Of all excess heat resulting from people's emissions, 93.4% goes into oceans. Accordingly, the temperature of oceans has risen substantially.

Globally, the average September ocean temperature marked a record high for that month in 2014, at 0.66°C (1.19°F) above the 20th century average, breaking the previous record that was set just one month earlier. On the Northern Hemisphere, the temperature of the ocean in September 2014 was 0.83 °C (or 1.49 °F) above the 20th century, 

The anomaly was 0.84 °C in August 2014, as illustrated by the image below.

On specific days, anomalies were much higher. On August 19, 2014, the Northern Hemisphere showed a sea surface temperature anomaly of 1.78 °C, while the North Atlantic sea surface temperature was 1.82 °C above average (CFSR 1979-2000 Baseline) on October 16, 2014, as illustrated by the image below.

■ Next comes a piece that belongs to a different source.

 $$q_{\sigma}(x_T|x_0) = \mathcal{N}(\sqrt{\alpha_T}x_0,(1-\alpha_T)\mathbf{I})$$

Sea surface temperature anomalies are at the top end of the scale in many places in the Arctic, as well as off the coast of North America. The danger is that the Gulf Stream will keep carrying ever warmer water from the North Atlantic into the Arctic Ocean, threatening to unleash huge methane eruptions from the Arctic Ocean's seafloor, in turn causing even higher temperatures and more extreme weather events, wildfires, etc.

Above image shows methane levels as high as 2666 ppb, as measured by the MetOp-2 Satellite at 14,385 ft (~4.4 km) altitude on October 26, 2014 am.

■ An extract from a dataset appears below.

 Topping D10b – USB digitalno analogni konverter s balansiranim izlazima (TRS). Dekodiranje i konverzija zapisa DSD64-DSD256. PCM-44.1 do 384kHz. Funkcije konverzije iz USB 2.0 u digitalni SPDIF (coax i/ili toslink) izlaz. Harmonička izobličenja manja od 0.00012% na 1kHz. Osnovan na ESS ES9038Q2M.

Is 2666 ppb as high as it will get?

Sadly, methane releases from the seafloor of the Arctic Ocean are becoming increasingly larger around this time of year and they look set to get even larger than this. Note that the amount of methane actually erupting from the seafloor of the Arctic Ocean is even larger than what is visible on above image, for the following three reasons.

  1. No data were available for some areas, as the IASI (Infrared Atmospheric Sounding Interferometer) instrument measuring methane only covers a certain width. The white shapes showing up on above images are areas where no measurements were taken, resulting from the way the polar-orbiting satellite circum-navigates the globe, as pictured on the image on the right.

    Furthermore, quality control failed in the grey areas on above images, indicating reading difficulties due to high moisture levels (i.e. snow, rain or water vapor), as also discussed in an earlier post. Accordingly, high methane levels (above 1950 ppb) as show up in the yellow areas could also be present in the many grey areas over the Arctic Ocean.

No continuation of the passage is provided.